• About this task
Once you find the line with "Подготовьте все компоненты" in the listing below, set down exactly every line from it through the line with "То же самое", but no pictures.

• Data supplied
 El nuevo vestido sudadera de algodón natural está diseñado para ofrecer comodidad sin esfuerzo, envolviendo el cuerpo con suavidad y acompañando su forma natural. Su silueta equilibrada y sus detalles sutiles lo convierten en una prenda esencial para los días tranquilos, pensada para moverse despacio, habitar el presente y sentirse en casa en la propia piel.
...
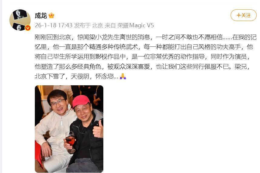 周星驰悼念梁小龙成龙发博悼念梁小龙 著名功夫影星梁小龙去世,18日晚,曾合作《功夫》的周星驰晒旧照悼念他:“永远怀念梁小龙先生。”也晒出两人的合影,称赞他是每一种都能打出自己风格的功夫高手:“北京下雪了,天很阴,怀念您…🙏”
--
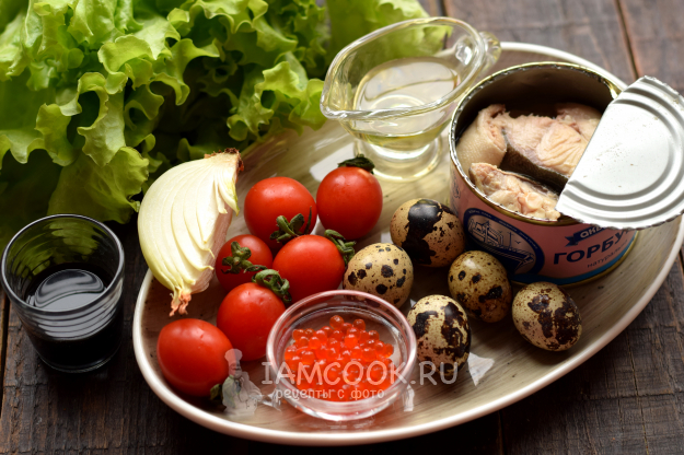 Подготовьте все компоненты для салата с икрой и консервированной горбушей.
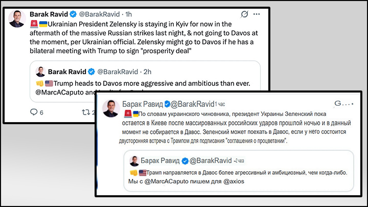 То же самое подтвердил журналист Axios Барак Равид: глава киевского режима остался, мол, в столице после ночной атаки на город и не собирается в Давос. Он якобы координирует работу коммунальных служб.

• Finished task
 Подготовьте все компоненты для салата с икрой и консервированной горбушей.
 То же самое подтвердил журналист Axios Барак Равид: глава киевского режима остался, мол, в столице после ночной атаки на город и не собирается в Давос. Он якобы координирует работу коммунальных служб.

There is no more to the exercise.